Editors Talk: Joanna Valente, Editor of Yes, Poetry

As a platform for emerging poets, our mission is to provide practical help for serious writers. The community lifts itself up together or not at all. In that light, we’ve been asking some great editors from around the literary community for their frank thoughts on why poems may get accepted/rejected from their own slush pile of submissions, and what poets can do to better their chances. Today, we’re speaking with Joanna Valente, Editor of Yes, Poetry.


 

When and how did “Yes, Poetry” begin?

Joanna Valente: I created it in 2010 as a way to connect to the literary community outside of New York—and largely to a community of artists and writers who don’t fit neatly into the status quo. I bought a URL for the site and it went from there.

 

Can you talk about the work and writers you publish—any consistent themes, forms, aesthetic qualities, you look for? Feel free to shout out some writers you’ve published here.

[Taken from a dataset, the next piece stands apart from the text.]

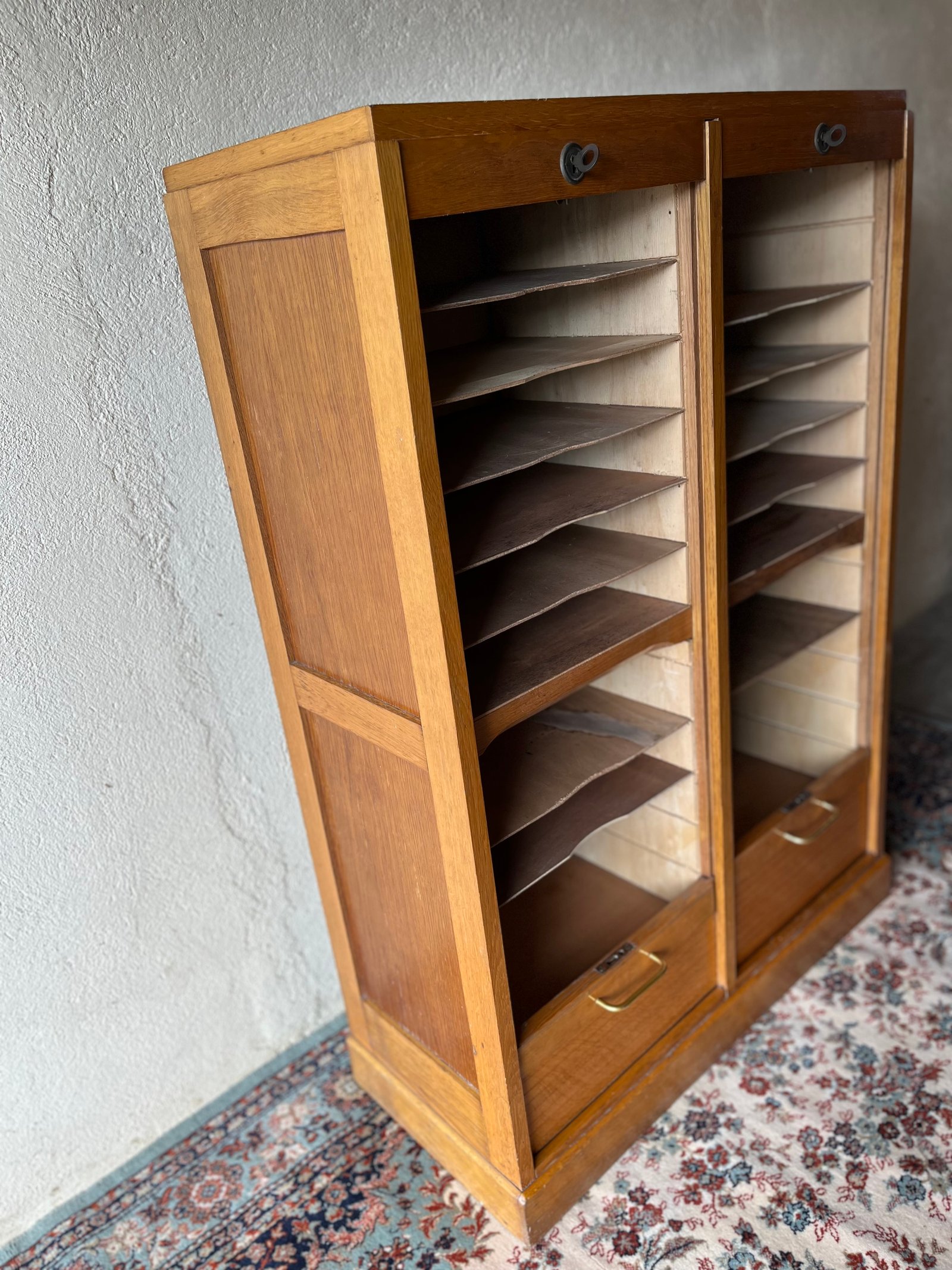 Meuble classeur à rideaux doubles vintage des années 70, de couleur miel. Doté de nombreuses étagères que vous pouvez positionner comme vous le souhaitez. Séparation entre les 2 compartiments qui se ferment avec les clés d’origine. Les rideaux se coulissent très bien. En bel état général malgré une tache d’encre sur le dessus et quelques traces du temps. Très pratique dans un bureau, il ajoutera une belle touche vintage.

I really love work that questions and interrogates gender, sexuality, trauma, relationships, time, existentiality—and just love anything remotely surreal, absurd, ghostly, and subversive. That being said, I also love conversational work. So a lot of the work we publish falls into these categories and tones. Some writers who we have published who do this well are Mark Lamoureux, Teo Mungaray, Ava C. Cipri, Leza Cantoral, Lisa Marie Basile, Jason Koo, Kyndal Thomas, Alejandra Cabezas, and Nardine Taleb.

 

What advice do you have for new poets who are submitting work?

Read the magazine and get an idea of the aesthetic, but also just be true to yourself. Write your observations and your truths. Just show up as you are.

 

From a craft standpoint, what typically causes you to accept a poem? What causes you to turn the page and move on to the next poem in Submittable?

I love when poets take risks, even if it seems bizarre or unconventional. I love that. I love when there’s strange punctuation and line breaks. Give me the unexpected. So really, I kind of tend to reject work that I feel like isn’t challenging me or saying something that surprises me – or teaches me.

 

What have you learned as an editor and writer from working at “Yes, Poetry” for the past few years?

Be empathetic and compassionate and open.

 

 


Joanna C. Valente is an alien from Saturn’s rings. They have written, illustrated, and edited a few books. Sometimes they take photos and bake ugly desserts.

 


Jose Hernandez Diaz

Jose Hernandez Diaz is a 2017 NEA Poetry Fellow. He is from Southern California. He is the author of The Fire Eater (Texas Review Press, 2020). His work appears in The American Poetry Review, Boulevard, The Cincinnati Review, Georgia Review, Iowa Review, The Nation, Poetry and in The Best American Nonrequired Reading 2011. Currently, he is an Associate Editor at Frontier and Guest Editor at Palette Poetry.